PLANES ON THE HUDSON RIVER

Watching yet another plane crash on the Hudson River this year is a nerve wracking experience.  On August 8, as the Coast Guard, Army Corps of Engineers, Tugboats and NYPD helicopters cordonned off the West Side Highway south of Fourteenth Street, many of us watching yet another disaster scenario of salvage efforts were disconcerted by the frequency of planes falling around us.  Planes falling out of the sky seems to be one ecological hazard of living in New York City.  However, this time, there is no happy story with a Hollywood ending and a physical aircraft docked at Battery Park.  Instead: it is a grim call to radically revamp Federal Aviation requirements for aircraft flying below 1, 100 feet.

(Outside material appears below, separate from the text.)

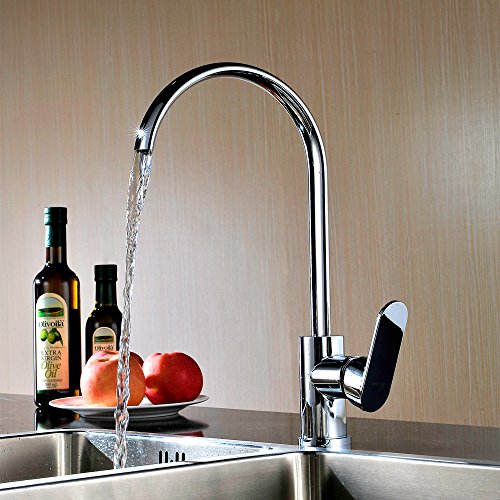 efluky high-arch Gooseneckステンレススチール360度回転注ぎ口ホットとコールド水キッチンシンク蛇口

The 2006 plane crash on the East Side of Manhattan alerted the FAA to the dangers of low flying small aircraft over the East River.  It is time New York and New Jersey took a closer look at the heavily trafficked and unmonitored flight corridor over the Hudson River that is shared by both states.  According to Manhattan Borough President Scott Stringer, over 25, 000 helicopter trips are made a year without oversight of air space regulations.  For a resident of Manhattan and the Jersey shoreline, this should be a chilling piece of information.  We are in a shared air space and waterway system that requires rigorous overhauling as air traffic increases, the airline industry is deregulated, air traffic controllers are scaled back even further, and more leisure flyers take to the skies.

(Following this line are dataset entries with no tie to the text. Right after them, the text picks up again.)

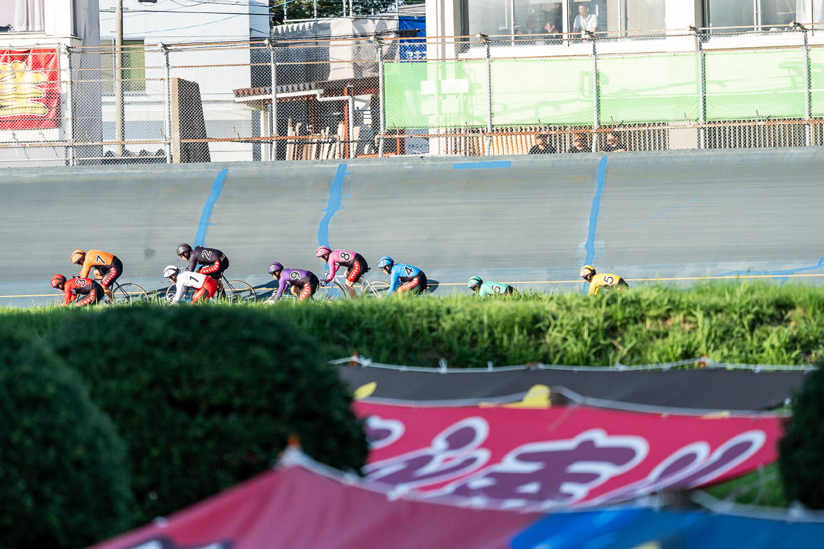 1周目を走るうちに近畿の三谷、小森、南が上昇。南が古性の後ろを伺ううちに、さらに外から寺崎が上がり、2周目1センター過ぎには古性が寺崎を前に、南を後ろへと迎え入れた。これにより寺崎、古性、南、三谷、小森の近畿ラインが完成。その後ろに太田、野田、深谷、嘉永の単騎勢が着いた。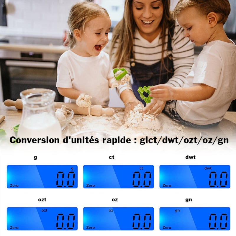 Échelle multifonction : le bouton d’unité automatique convertit instantanément entre 6 unités de mesure (g, ct, dwt, ozt, oz, gn) et affiche les résultats sur un écran LCD facile à lire. suivi de l’apport, de la perte de poids et de l’affranchissement.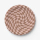 Retro Dusty Brown Pink Checks Warped Chequerboard Paper Plate

What New York City has learned from this terrible tragedy is that the shores of New Jersey facing Manhattan is our sixth borough.  We need to think about the other side of our beloved Hudson River as part of our lifeline, a critical aspect of our ecosystem and our imagined future.  To that effect, a more engaged conversation with the other side of the Hudson River's magisterial shoreline needs to be incorporated into a more sustained and local conversation regarding air and water safety measures, water rights, pollution and industrial run off.  The January 15, 2009 U.S. Airways forced landing highlighted this interdependency when early reports about the extraordinary landing mentioned survivors possibly landing on either the Jersey side or the Manhattan side of the shoreline.  Saturday's catastrophe was a literal collision between the Manhattan and New Jersey air spaces.  Both Manhattan and Hoboken transportation, waterway and commuter networks were disrupted by this travesty.  We must take away important lessons to be implemented immediately with an eye to the safety of neighborhoods and cities, and remedy the unconscionable laxity geared towards the interests of big business and the after effects of de-regulation in the aviation and helicopter industries.